Then get your first commitments from your most enthusiastic supporters and members of their immediate networks. Usually, when I ask a company who is planning or trying to raise if they have anybody close to the company (friends and family, advisor, early customer, etc.) who could write a small check, the answer is yes. When I ask them why they haven’t tried to close the money yet, the answer is usually some combination of, “It doesn’t really move the needle,” and “We don’t know what terms to use.”

At the very beginning of a raise, pretty much no check is too small. You need to get the ball rolling. You also need to show momentum. So use attractive terms that lead to a quick close. I recommend a convertible note with  the standard 20% discount and 5% interest, plus a very compelling cap. If you have an attractive valuation, people will not mind so much that you don’t have a lead investor. The plan is to start the cap low and raise it gradually as you  build momentum.

Now, a lot of founders worry about dilution and lose sleep over getting “fair” value. Don’t. $100-200K worth of dilution at a valuation even 30 or 40% below what you think is market just won’t make very much difference in the long run–I assure you that there are much worse dilution potholes on the road to liquidity. And fundraising is a terrible distraction from operating your business, so an investor willing to move quickly is valuable.

You must make clear that you’re offering the earliest investors the great deal partly in return for moving quickly (the other part is due to the special relationship and/or value-add of the investor). Otherwise, most investors will dither. Sometimes it helps to tie the great deal to some sort of natural deadline like an accelerator Demo Day, a significant software release, or a large customer close. Creating a sense of urgency is much easier said than done, but you need to try.

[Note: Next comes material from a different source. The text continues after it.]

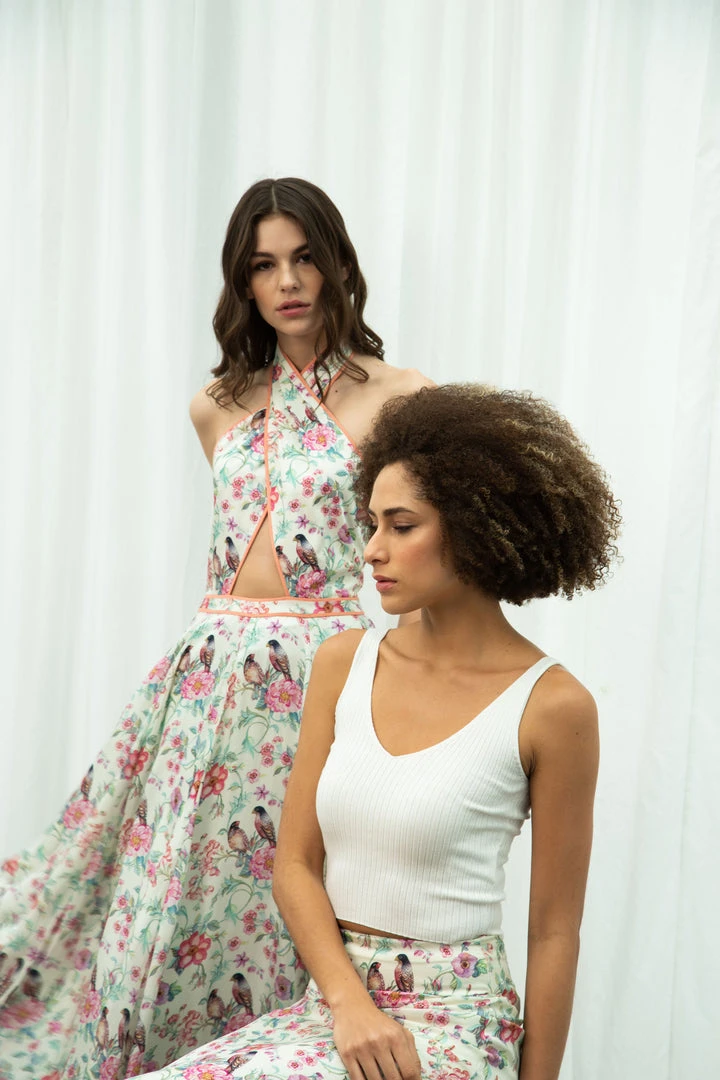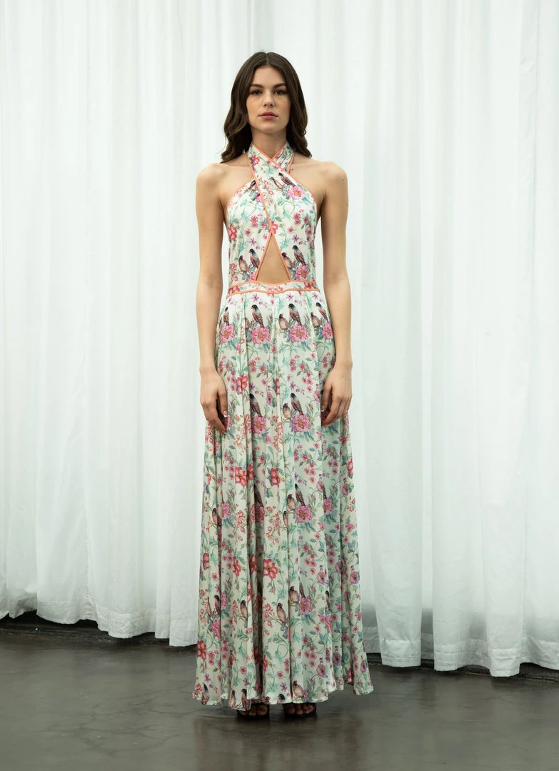 Made using rich satin fabric, and bold cross-neck silhouette, this dress is for the well-traveled woman whose personal style exemplifies her easy-going, yet fashion-forward approach to clothing. With attention to exceptional fit in love birds’ jaal print, this ensemble is crafted with an exotic, toes-in-the-sand spirit.

Somewhere after $100-200K, you bump the cap up. “The great deal” becomes “the good deal”. The size of the bump depends on what the market tells you. If you closed the first chunk really fast and you have a big pipeline of prospects, bump the cap two notches. If the first chunk was still a fair bit of work or your pipeline seems thin, only bump it one notch. But keep the time pressure on to the extent you can. “The good deal” is also a limited time offer, perhaps tied to yet another natural deadline.

Once you have the first two chunks in, you can start to play a little more strategically. Getting half the the round closed often generates psychological momentum. You’ll also have money in the bank, which helps your negotiating position. And you’ll  hopefully have made further engineering and customer progress, which makes you less risky.  You can bump the cap again. You can also start trying to work AngelList and look to bigger geographies like San Francisco or NYC (if you’re not based there already). You can event start seriously probing small funds who lead rounds. This is where the upgrade path comes in.

Sidebar: Process Is Key

Before I get to upgrading a small seed round to a big seed round, I need to make a point about process. Like achieving any other company objective, fundraising works better if you impose some structure on it. You absolutely must track prospects, either in a spreadsheet or a CRM.

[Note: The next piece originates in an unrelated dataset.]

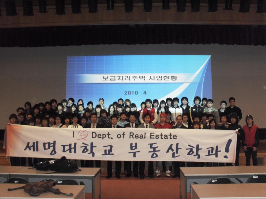 본문 시작 홈으로 학과 소식 학과소개 취업 및 진로 언론 및 보도 학과 소식 대학원 홈페이지가이드 행사사진게시판 행사사진게시판 공지사항 일반자료실 강의자료실 부동산학보 동아리 행사사진게시판 페이스북 트위터 프린트 2010년 부동산학과 LH공사(토지주택공사) 방문 전체관리자 7386 2010-04-27 2010년 부동산학과 토지주택공사 현장교육 실시 세명대학교 부동산학과(학과장 : 김행종 교수)는 2010년 4월 27일(화) 재학생 90여명과 교수3명이 토지주택공사(성남시 분당구 정자동)를 방문하였다. 이날 방문에서는 토지주택공사 관계자의 "보금자리주택 사업 현황"과 "토지주택박물관", "화성 동탄 신도시 개발"에 대한 브리핑을 들을수 있었다. 목록 이전2010년 부동산학과 LH공사(토지주택공사) 방문 이전2010학년도 학생회 임명장 수여 담당부서 : 부동산지적학과 담당자 : - 연락처 : 043-649-1784 최종수정일 : 2024-10-26 만족도조사 만족도 조사 이 페이지에서 제공하는 정보에 대하여 만족하시나요? 매우만족 만족 보통 불만족 매우불만족

I recommend a couple of prospect categories: first checks, second checks, later checks, and round leads. Initially, focus on developing lists for the first two categories. You will also naturally generate names of people within your network that fall into the second two categories, but don’t devote too much energy to extending those lists until you’re ready to actively pursue those categories.

Now, start talking with all the first check prospects, focusing on two initial objectives. First, qualify each prospect. There are three basic qualification states: (1) does in fact appear to be a potential first check writer, (2) doesn’t appear to be a first check writer but may be a second or later check writer, or (3) doesn’t appear to be a check writer at all.

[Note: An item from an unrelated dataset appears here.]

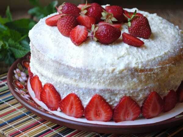 В сезон ягод можно приготовить ягодный торт или пирог. Ягоды свежие и ароматные, выращенные у себя в саду или купленные у бабушек и фермеров, сделают ваш торт вкусным. Торт можно сделать просто, чтобы полакомиться или как сладкое угощение для гостей. Времени на его приготовление нужно не много, сложность изготовления минимальная, а вот наслаждение от продукта масса. Каллорий тоже! Поэтому всего нужно есть в меру! Если не испечь такой торт из ягод в сезон сбора, то тогда вы уже не получите такого удовольствия, если захотите сделать ягодный торт в несезон или из замороженных ягод. Это уже будет совсем не то! Ягоды для такого торта лучше выбирать сладкие, иначе никаким сахаром излишнюю кислоту не убрать. Для теста: 200 гр. майонеза, 2 стакана сахара, 4 яйца, 150 гр. сметаны, 2 стакана муки, 0,5 ч. ложки соды, кулинарный жир, 300 гр. ягод Для крема: 2 стакана сметаны, 100 гр. сахарной пудры Нужно растереть яйца с сахаром, добавить майонез, сметану, соду, погашенную уксусом, соль и все

Second, try to expand you lists through the prospects’ networks. Ask class (1) prospects if they know anyone else who is as decisive as they are or investors that tend to follow their lead. Ask class (2) prospects if there’s anyone who they like to follow or people they typically participate alongside. In my experience, members of class (3) rarely make good referrals.

After you work through the first check prospects, move on to the second check ones, with parallel qualification and list expansion objectives.

If you have time during the first check and second check prospecting, do some modest scouting of the later check and round lead prospects. Go ahead and schedule some first meetings. These prospects probably have long scheduling lead times and require multiple stage-setting meetings anyway. The goal here is not to close them (though if they fall in your lap, seize the opportunity). Rather, the goal is gather intelligence on what they’re looking for and start building a relationship. Try to keep detailed notes in whatever tracking system you use.

Oversubscribe, Entertain a Lead, Convert if Necessary

OK, back to upgrading. Please keep in mind this is no longer the base case. Most no-to-low revenue startups never get to this point.

Suppose first-check demand justified a two notch bump in your cap, second-check demand seems strong even at the higher price, and later-check and lead scouting has yielded a promising pipeline. Further suppose that you’ve made good operational progress in the meantime. If all these stars align, you can attempt the upgrade.

In this everything-goes-smoothly scenario, you should be having lots of positive meetings with later-check prospects. At some point, it may look like you’ve got more “soft-commits” from later-check writers than you have room (assuming you stick to your original target amount). Or you may receive strong buying signals from some of your lead prospects. If either of these conditions are true, do one of two things:

  1. Force a quick close and oversubscribe if desired. Tell all interested investors that it looks like you might be oversubscribed. Make it clear that you need to get firm commitments so you can figure out if there is any room left. In other words, use scarcity and social proof to get investors to move. You can then decide whether you want to raise a larger amount than your original target.
  2. Move to close any viable professional funds as “leads”. The term “lead investor” is confusing. You naturally assume they come first. In $1M+ rounds they usually do, but in seed rounds they often just take everything left at the end. A situation that often arises is you’re talking to a potential “lead” investor that only writes $250K+ checks, but moves very slowly. At the same time, you have several later check writers that you feel you can pretty quickly and you probably don’t have room for everyone. In this situation, you need to force the action with the potential lead investor. Give them a deadline and tell them you need a term sheet in 7-10 days or you will close your existing pipeline. Absolutely do not risk losing other investors  because you want to hold out for the “lead”. When you are a low revenue company, always take the bird in the hand.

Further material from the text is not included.